Since much of the above requires packaging changes for module packages, I've prepared a draft packaging guideline to document best practice:
https://fedoraproject.org/wiki/PackagingDrafts/ApacheHTTPModules
If anything there looks stupid, needs fixing, is missing, or there's any other feedback, please shout!
Regards, Joe
devel mailing list devel@lists.fedoraproject.org https://admin.fedoraproject.org/mailman/listinfo/devel
Do you know if the new version of httpd has major changes in modules API? I'm trying to cobble together spec file for mod_spdy https://github.com/eventhorizonpl/mod_spdy/blob/master/mod_spdy.spec and I hope to finish it for F18 :)

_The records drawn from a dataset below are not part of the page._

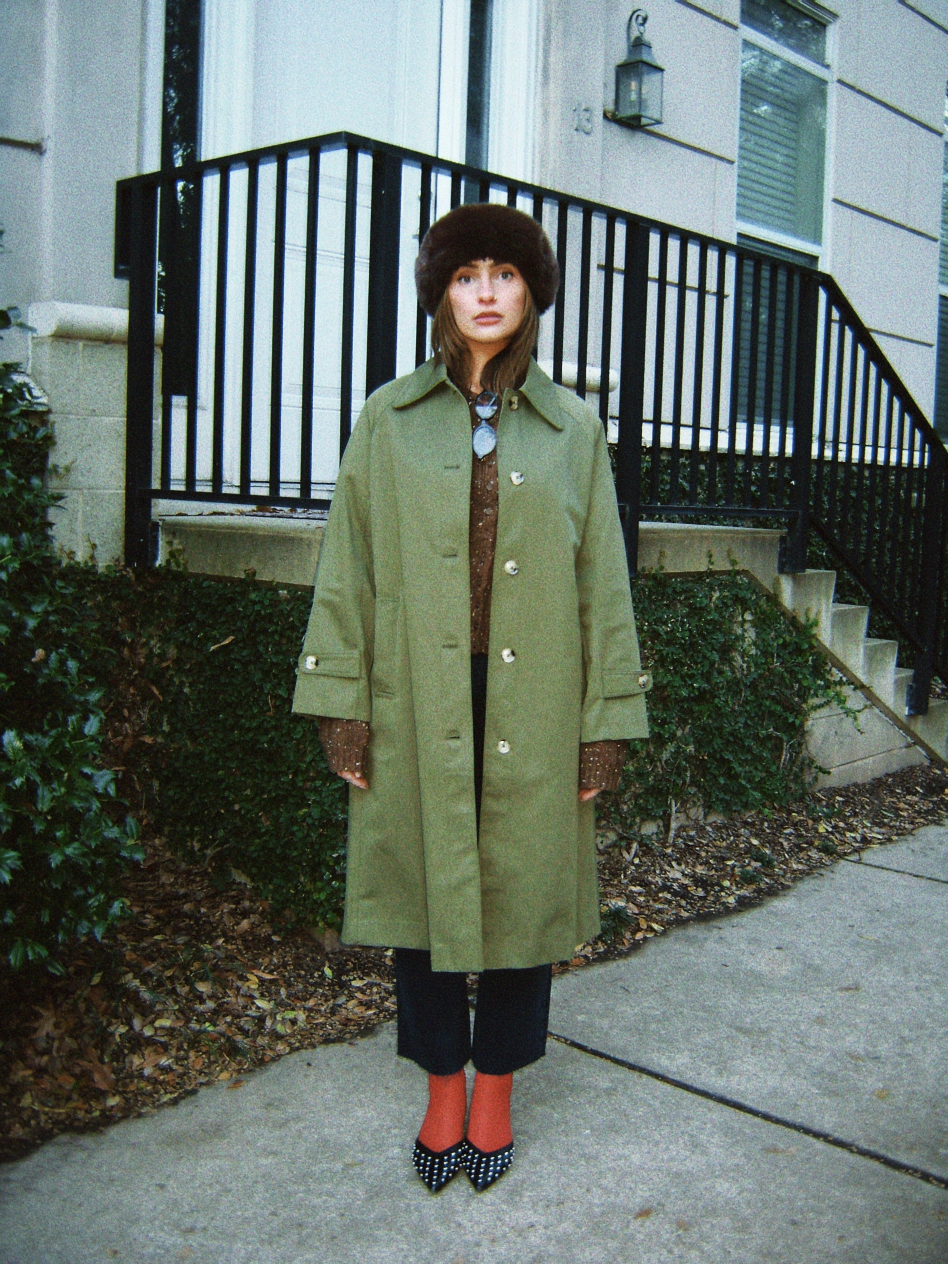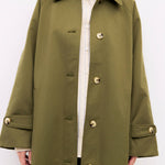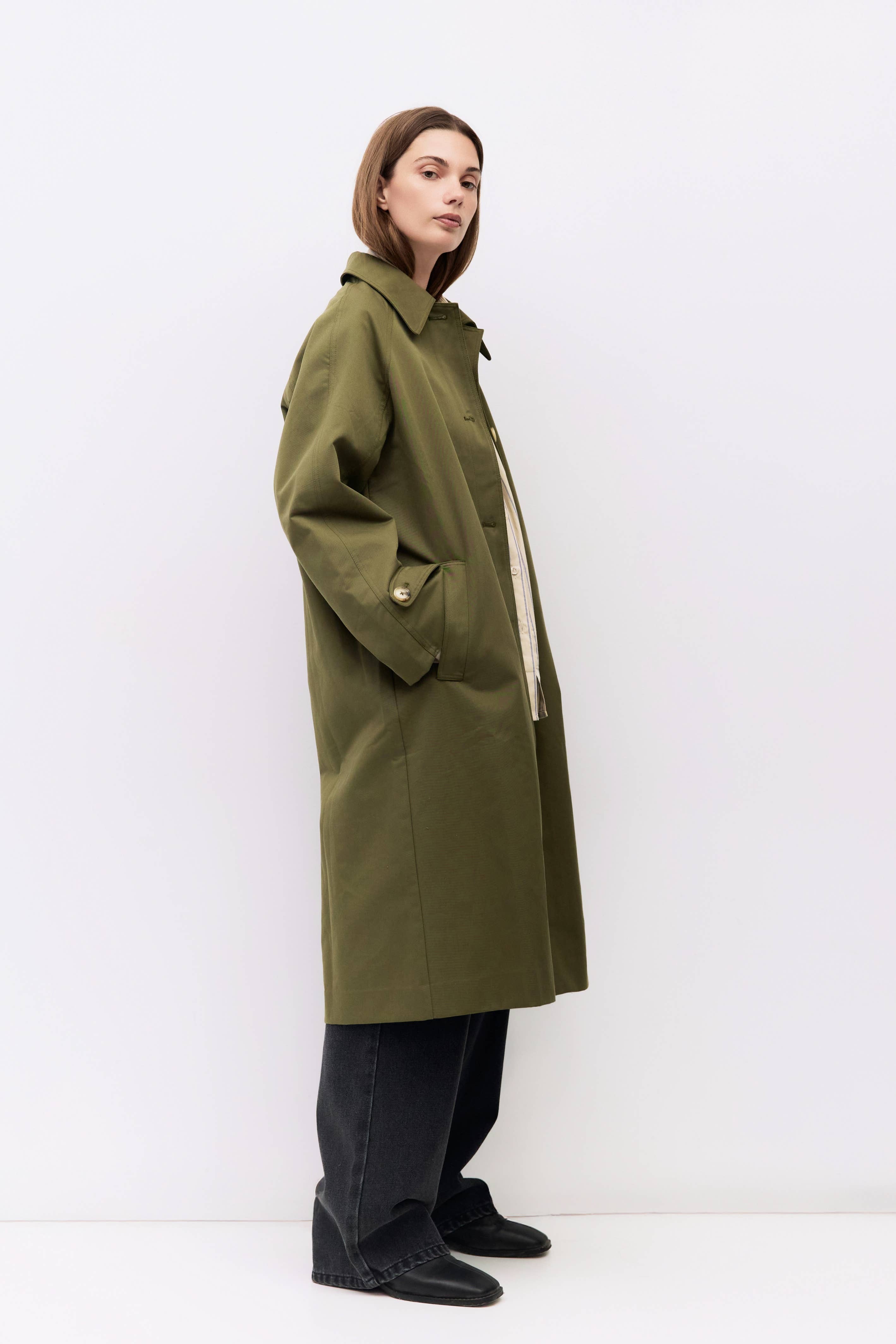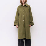 The Seraphine Trench Coat blends timeless tailoring with contemporary ease, featuring a pointed collar and raglan sleeves for a relaxed yet refined silhouette. Finished with adjustable cuffs, welt pockets, and a back slit, this midi-length trench coat is designed for effortless layering.
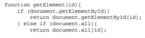 如果该函数存在(不是未定义),则使用 该函数。否则,就要继续检测 document.all 是否存在,如果是,则使用它。如果上述两个特性都不存在(很有可能),则创建并抛出错误,表示这个函数无法使用。
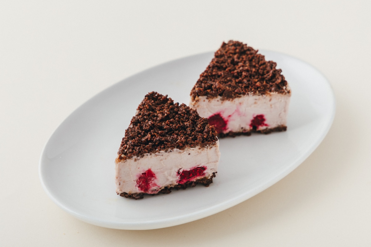 カカオのほろ苦さと甘酸っぱいベリーが重なり合う、ヴィーガンチーズケーキです。

On Fri, Mar 23, 2012 at 06:39:25PM +0100, Michał Piotrowski wrote:
Do you know if the new version of httpd has major changes in modules API? I'm trying to cobble together spec file for mod_spdy https://github.com/eventhorizonpl/mod_spdy/blob/master/mod_spdy.spec and I hope to finish it for F18 :)
Hi Michal, yes, there are changes in the 2.4 module API, though mostly relatively small - details are here:
http://httpd.apache.org/docs/2.4/developer/new_api_2_4.html
Regards, Joe
The following is going to kill pretty much every packaged webapp unless they are changed now:
https://httpd.apache.org/docs/2.4/upgrading.html#access
Once upon a time, Nicolas Mailhot nicolas.mailhot@laposte.net said:
The following is going to kill pretty much every packaged webapp unless they are changed now:
Did you read this part:
"The old access control idioms should be replaced by the new authentication mechanisms, although for compatibility with old configurations, the new module mod_access_compat is provided."
It would be easy to include mod_access_compat in the Fedora default config for a release or two while the compat config is deprecated (and noted in the release notes as such).
Le Lun 26 mars 2012 22:09, Chris Adams a écrit :
Once upon a time, Nicolas Mailhot nicolas.mailhot@laposte.net said:
The following is going to kill pretty much every packaged webapp unless they are changed now:
Did you read this part:
"The old access control idioms should be replaced by the new authentication mechanisms, although for compatibility with old configurations, the new module mod_access_compat is provided."
It would be easy to include mod_access_compat in the Fedora default config for a release or two while the compat config is deprecated (and noted in the release notes as such).
Sure. But right now there does not seem to be a plan one way or the other, so now that http 2.4 is built rawhide webapps are broken.
On Mon, Mar 26, 2012 at 03:09:08PM -0500, Chris Adams wrote:
Once upon a time, Nicolas Mailhot nicolas.mailhot@laposte.net said:
The following is going to kill pretty much every packaged webapp unless they are changed now:
Did you read this part:
"The old access control idioms should be replaced by the new authentication mechanisms, although for compatibility with old configurations, the new module mod_access_compat is provided."
It would be easy to include mod_access_compat in the Fedora default config for a release or two while the compat config is deprecated (and noted in the release notes as such).
Yup - the default config in the f18 httpd does load mod_access_compat, and I don't see a problem with shipping like that.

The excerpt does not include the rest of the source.